- Task statement: Among the entries below, only the lines starting at the one with "LYRA AQUA BRUSH" and ending at the one with "今日はツリーの形に切っておい", both included, are to be printed exactly.

- Input data:
•••••
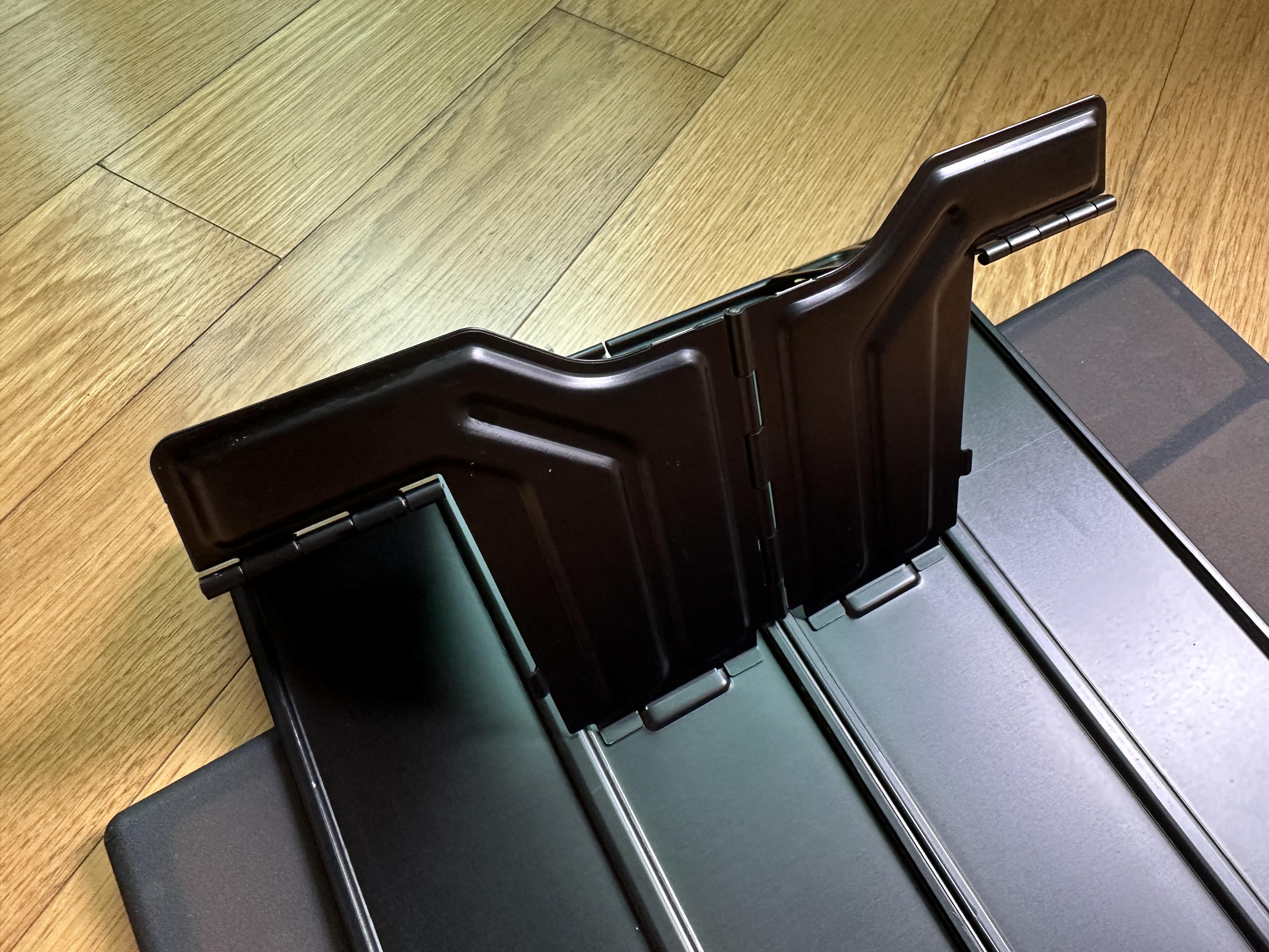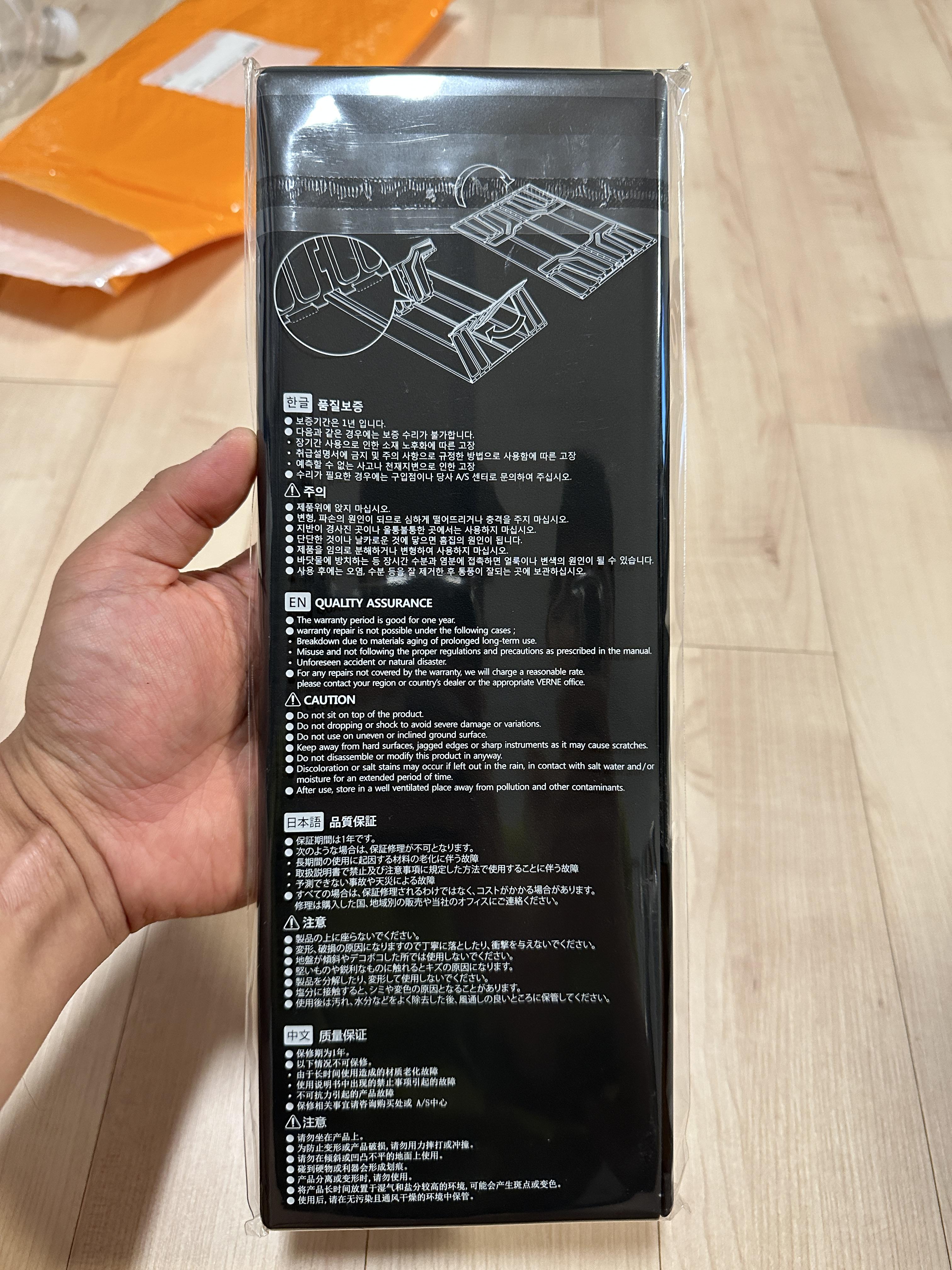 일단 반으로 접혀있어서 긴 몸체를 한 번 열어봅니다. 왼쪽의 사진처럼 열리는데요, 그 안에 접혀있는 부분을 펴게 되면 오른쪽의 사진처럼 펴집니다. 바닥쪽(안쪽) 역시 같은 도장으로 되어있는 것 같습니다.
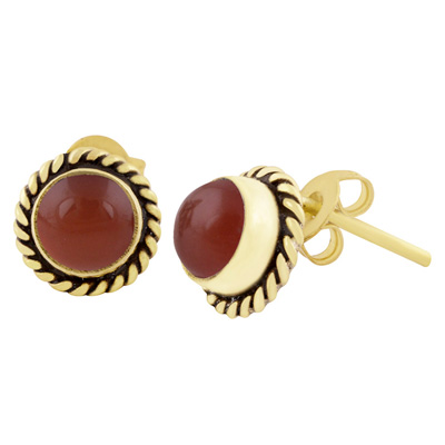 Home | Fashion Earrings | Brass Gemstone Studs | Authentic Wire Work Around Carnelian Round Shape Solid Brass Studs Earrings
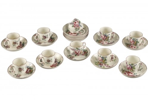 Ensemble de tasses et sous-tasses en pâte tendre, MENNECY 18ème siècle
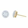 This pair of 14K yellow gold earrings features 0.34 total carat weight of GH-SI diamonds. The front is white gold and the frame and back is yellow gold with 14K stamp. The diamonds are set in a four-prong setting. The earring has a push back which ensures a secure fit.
•••••
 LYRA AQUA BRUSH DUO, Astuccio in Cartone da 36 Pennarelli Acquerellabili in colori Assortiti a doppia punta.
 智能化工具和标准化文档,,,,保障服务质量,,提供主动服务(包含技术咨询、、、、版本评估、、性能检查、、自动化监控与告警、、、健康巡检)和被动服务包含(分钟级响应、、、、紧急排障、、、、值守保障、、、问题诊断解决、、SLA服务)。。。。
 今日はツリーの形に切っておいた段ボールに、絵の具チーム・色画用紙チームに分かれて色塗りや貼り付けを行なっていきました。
•••••
- Problem solution:
 LYRA AQUA BRUSH DUO, Astuccio in Cartone da 36 Pennarelli Acquerellabili in colori Assortiti a doppia punta.
 智能化工具和标准化文档,,,,保障服务质量,,提供主动服务(包含技术咨询、、、、版本评估、、性能检查、、自动化监控与告警、、、健康巡检)和被动服务包含(分钟级响应、、、、紧急排障、、、、值守保障、、、问题诊断解决、、SLA服务)。。。。
 今日はツリーの形に切っておいた段ボールに、絵の具チーム・色画用紙チームに分かれて色塗りや貼り付けを行なっていきました。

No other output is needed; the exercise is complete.